Sang-ho seslice gülüp çimenlerin arasına uzandı.
-Şaka yaptık be. Alınma hemen.
-Bu saatte uyanık olacağını biliyordum. Seninle kamp yaptığımızda da erkenden kalkar gezerdin. Eminim şu an gölün kıyısındasındır.
Sang-ho şaşırdı. Sonra tekrar gülüp yerde bacak bacak üstüne attı.
-Benim hakkımda ne çok şey biliyormuşsun meğer.
-Biliyorum tabi. Şu an uzanmış bacak bacak üstüne atmışsındır kesin.
Sang-ho doğrulup arkasına baktı. Uzaktan Myeong-dae'yi görünce telefonu kapatıp yanına koştu ve sarıldı.
-Seni pislik, benim hakkımda ne çok şey biliyor diye düşünmüş,sevinmiştim.
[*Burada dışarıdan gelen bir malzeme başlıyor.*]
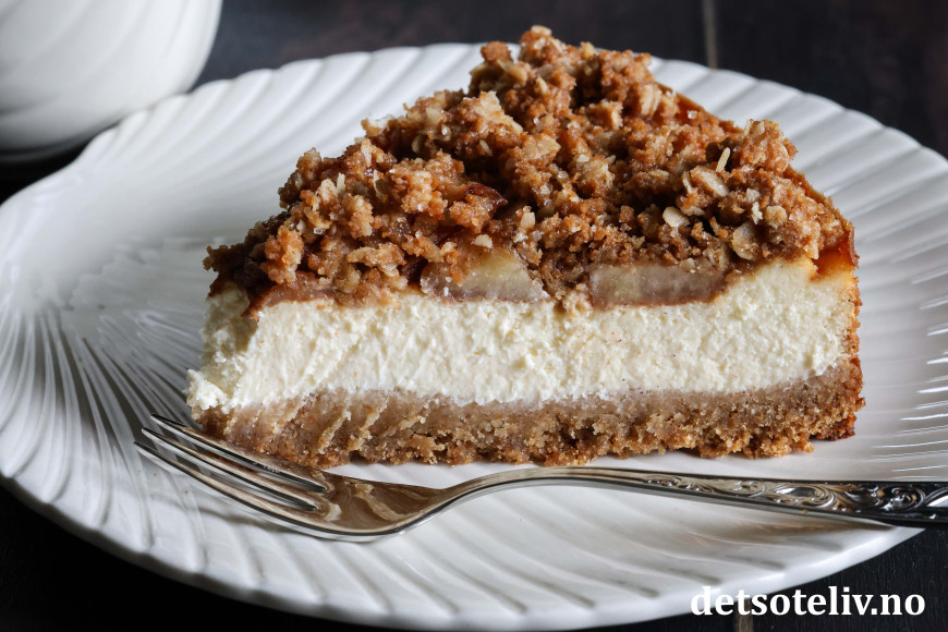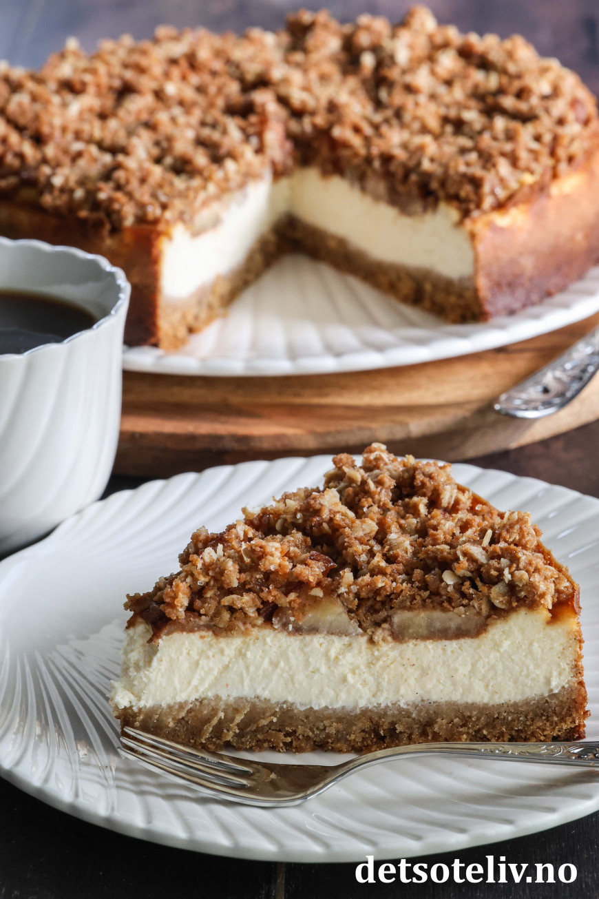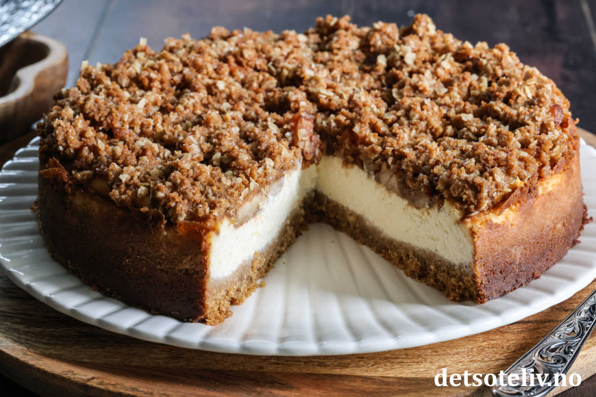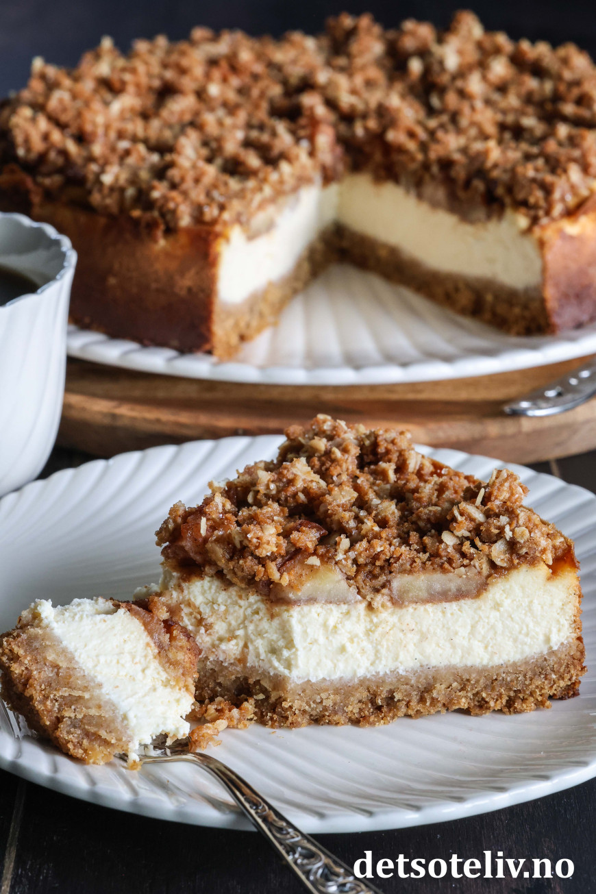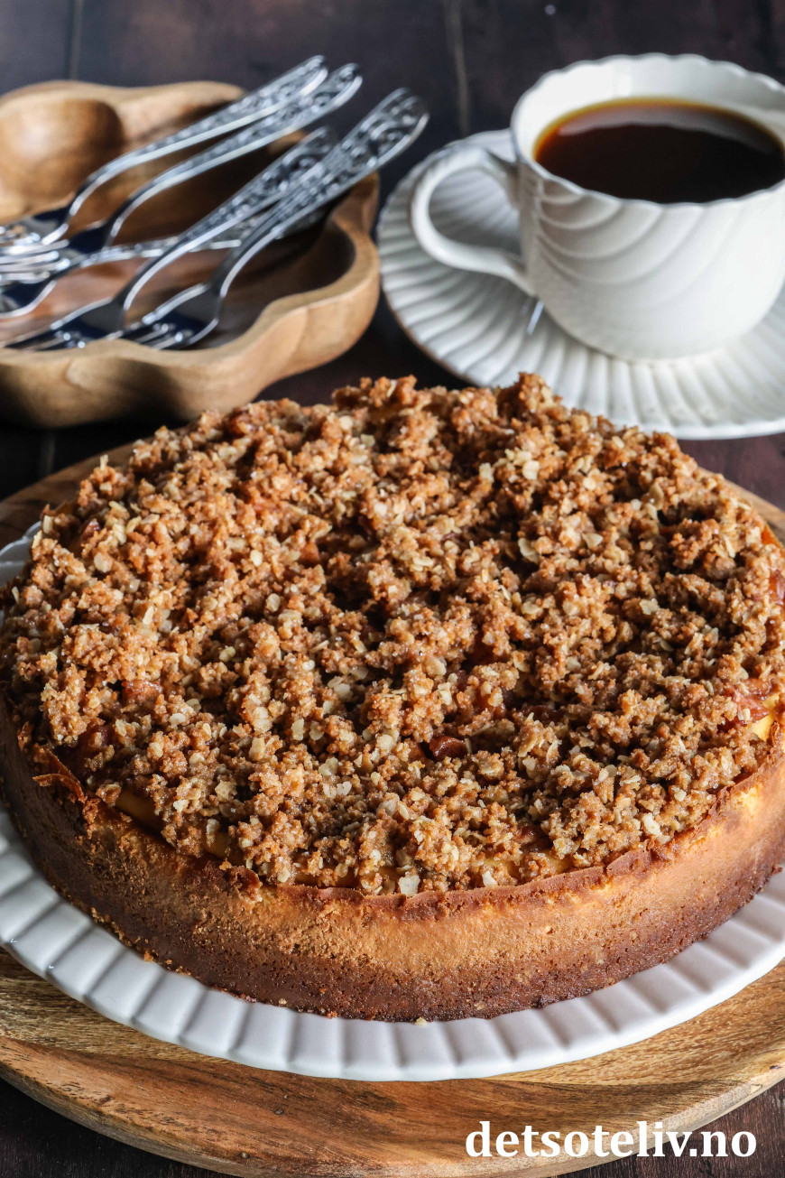 Dette er en kremete og fyldig, ovnsbakt ostekake (Cheesecake) som toppes med smørstekte eplebiter og en crunchy smuldretopping.

-Yanılıyorsun, ben senin hakkında gerçekten çok şey biliyorum. Mesela burda olma sebebim de bu... Yalnız kalacağını hissettim ve geldim.
Sang-ho Myeong-dae'ye gülümsedi.
-Teşekkürler dostum. Sırtındaki çantalardan birini ver. Kamp alanına gidelim.
-Bir an hiç teklif etmeyeceksin sandım. Kolum koptu.
Sang-ho ve Myeong-da gölün kenarından kanp alanına doğru yürümeye başladılar. Bu arada uzaktan bir çıtırtı geldi. İki kişi konuşarak geliyordu. Bunların Jıhn ve Mi-cha olduğunu görünce Sang-ho gözlerini devirip Myeong-dae'nin koluna vurdu.
-Hadi gidelim.
Sang-ho yürümeye başladı. Myeong-dae her zaman Sang-ho'nun yüz ifadesinden ne hissettiğini anlayabiliyordu. Ona yardım etmek istese de elinden birşey gelmiyor bu durum onu da çok üzüyordu. Sessizce Sang-ho'nun peşine takılıp John ve Mi-cha'yı izlemeye başladı. Sang-ho da onları izliyor, bir yandan da yürüyordu fakat John ve Mi-cha'nın bundan haberi yoktu. Gölün güzelliğine dalmışlardı.
-John, şu güzelliğe bak.
-Evet çok güzel.
-Keşke yüzme bilseydim.
-O zaman çok eğilme. Göl derin gibi sanki...
-Tamam.
Gölün kenarında yürümeye devam ettiler.
-Ah, John gördün mü küçük bir balık atladı.
-Hani nerde?
-Şur...
Mi-cha sözünü bitirmeden ayağı kaymaya başladı. Tam düşecekken ani bir hareketle John Mi-cha'yı kendisine çekip sarıldı. İkisi de çok korkmuştu. John Mi-cha'ya daha sıkı sarılıp baçırmaya başladı.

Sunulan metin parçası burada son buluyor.